Directors: Don Hall, Chris Williams
Writers: Robert L. Baird, Daniel Gerson, Jordan Roberts, based on the comic by Duncan Rouleau, Steven T. Seagle
Voice Cast: Scott Adsit, Ryan Potter, Daniel Henney, T.J. Miller, Jamie Chung, Damon Wayans Jr., Genesis Rodriguez, James Cromwell, Alan Tudyk, Maya Rudolph
Running Length: 108 minutes
Synopsis: An action comedy adventure about brilliant robotics prodigy Hiro Hamada (Ryan Potter), who finds himself in the grips of a criminal plot that threatens to destroy the fast-paced, high-tech city of San Fransokyo. With the help of his closest companion—a robot named Baymax (Scott Adsit) – Hiro joins forces with a reluctant team of first-time crime fighters on a mission to save their city.

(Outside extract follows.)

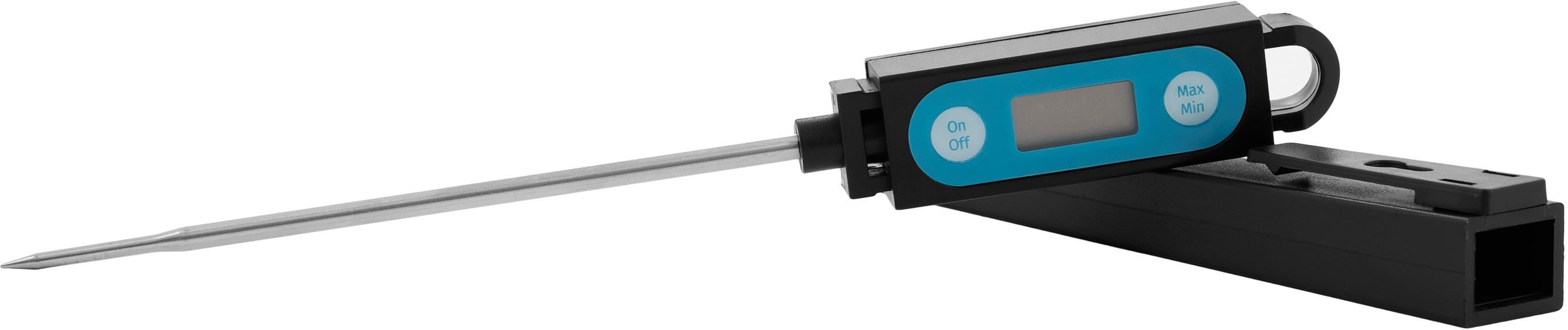 Uniwersalny termometr elektroniczny do pomiaru temperatury wewnątrz mięs i innych produktów żywnościowych. Termometr wykonany w wysokiej jakoś tworzywa oraz stali nierdzewnej gwarantuje długie użytkowanie. Dokładność: ± 1°C przy pomiarach -19.9 ~ 119,9 °C ± 2°C przy pomiarach -50 ~ -20 °C oraz 120 ~ 199,9 °C Cyfrowy moduł pomiarowy poddany certyfikacji CE, dokładny i z szerokim zakresem mierzonych temperatur oraz możliwością zmiany °C na F, będzie idealnym wsparciem na każdej kuchni. Sonda bagnetowa ze stali nierdzewnej (304) od długości 115 mm i średnicy 3,8 mm. Pomiar temperatury w ciągu jednej sekundy Osłona sondy, ergonomiczny uchwyt wykonany z wytrzymałego termopolimeru Automatyczne wyłączanie termometru po 45 minutach Wodoodporność i pyłoodporność: IP65 Baterie w zestawie (LR44/AG13) Obsługa: Wybierz jednostkę pomiaru klikając odpowiedni przycisk (°C lub °F). Pomiar temperatury: Wbij sondę bagnetową w produkt na około 25mm grubości lub zanurz w cieczy, odczytaj temperaturę gdy się ustabilizuje na wyświetlaczu LCD. Ważne informacje: Żeby skasować historię pomiarów należy przycisnąć i przytrzymać przycisk MAX/MIN przez 3 sekundy. Zawsze kasuj historie pomiarów przed nowymi pomiarami, żeby odczyty były dokładne. Zawsze czyść sondę bagnetową przed kolejnymi pomiarami, aby zapobiec zanieczyszczeniu kolejnych produktów. Upewnij się, że po zmianie baterii klapka zabezpieczająca jest dobrze dokręcona, w celu uniknięcia wilgoci i brudu w środku urządzenia. Gdy wyświetlacz LCD zaczyna przygasać należy niezwłocznie wymienić baterię na nową, zgodną opisem produktu. Nigdy nie korzystaj z termometru w niesprzyjających temperaturach (niższej niż 0 °C lub wyższej niż 50 °C) - może to spowodować błędne odczyty lub uszkodzenie urządzenia.

Review: We have all gotten used to the short film that precedes most animated films these days, but this could possibly be the first time that I feel a feature presentation has been somewhat hurt by the short film before it. While Big Hero 6 is a fun romp for both young and old, the emotional depth (nowadays more commonly referred to as “the feels”) actually pales in comparison to its companion six-minute short Feast, which is an excellent short film. And while this is a good, if somewhat unexpected, addition to the Marvel Comic Universe movies, the fact remains that there is a better superhero animation in the Disney/Pixar stable (no prizes for guessing which).
As always, I will touch on the short film first. Feast is a recounting of the relationship a Boston terrier has with his master over 12 years, except via the unusual angle of his food. It seems like such a simple conceit, but like the best of animation, it is evocative and manages to tell a very engaging story. There is a good chance that many animal lovers or pet owners will choke up (like I did) over Feast, which is high praise given that it unfolds in such a short span of screen time. If this is what writer-director Patrick Osborne can achieve in under ten minutes, I am definitely looking forward to his first feature film (surely not too far away).
Perhaps it’s a direct result of Pixar’s stellar output over the years (and to be fair, a smattering of animated films from rival studios) that expectations for animated films have risen dramatically. It doesn’t help that technology has advanced to a point that spectacular visuals are almost a given in any computer animated film these days, and often the differentiating factors come down to the storyline, the number of A-list actors in the voice cast, and the production design. The need to sell animated films with Hollywood actors has become almost a liability however, because not all name actors are necessarily good in voice roles. Thankfully, Big Hero 6 eschews this, going instead with a bunch of relatively lesser-known actors that do pretty well in their roles.
As for the visuals, there’s really nothing to complain about, except once again this is not a film that needs to be seen in 3D. The character designs are uniformly excellent, with some truly colourful and creative flourishes, and the setting of San Fransokyo is wonderfully imagined, creating an inventive mashup between San Francisco and Tokyo. Then, there’s Baymax – Disney has created a surefire marketing phenomenon with the most cuddly robot design I’ve ever seen, and despite straying far, FAR away from the source graphic novels, will capture the hearts and minds of audiences of all age groups.
This is not the first movie in the Marvel Comic Universe to work with a relatively obscure Marvel property, as Guardians of the Galaxy lays claim to being the first. There’s also an interesting parallel between the two movies, since both are about a motley crew of unlikely heroes, and also touches on grief and loss. I would say that the themes are better handled in Guardians of the Galaxy versus Big Hero 6, but this is a somewhat unfair comparison given that Big Hero 6 is aimed at a much younger audience. Given that there will be a lot of young ones watching the movie, the concept of death is actually quite elegantly handled, even more so than How to Train Your Dragon 2 (I’ll keep things vague although the full trailer does give part of this storyline away).
Most of the film stays pretty light-hearted with a number of fun action set pieces, and it would take a heart of stone not to be somewhat taken by Baymax and his lovable antics, so it is not difficult to recommend the film, especially for younger audiences. There are a number of more affecting moments, to be sure, but Feast manages to do better in this aspect than the whole of Big Hero 6 (hence the earlier comment about the short film hurting the feature film, something that I have not experienced prior). Although the superhero origin story is done to death at this point, Big Hero 6 offers a somewhat fresh perspective, even if it doesn’t match the narrative strength of The Incredibles, still the gold standard for animated superhero films a decade after its release.
P.S. The end credit sequence is a blast, and features one of the best cameos I have seen to date, particularly so for fans of the Marvel universe. Definitely worth staying through the credits for.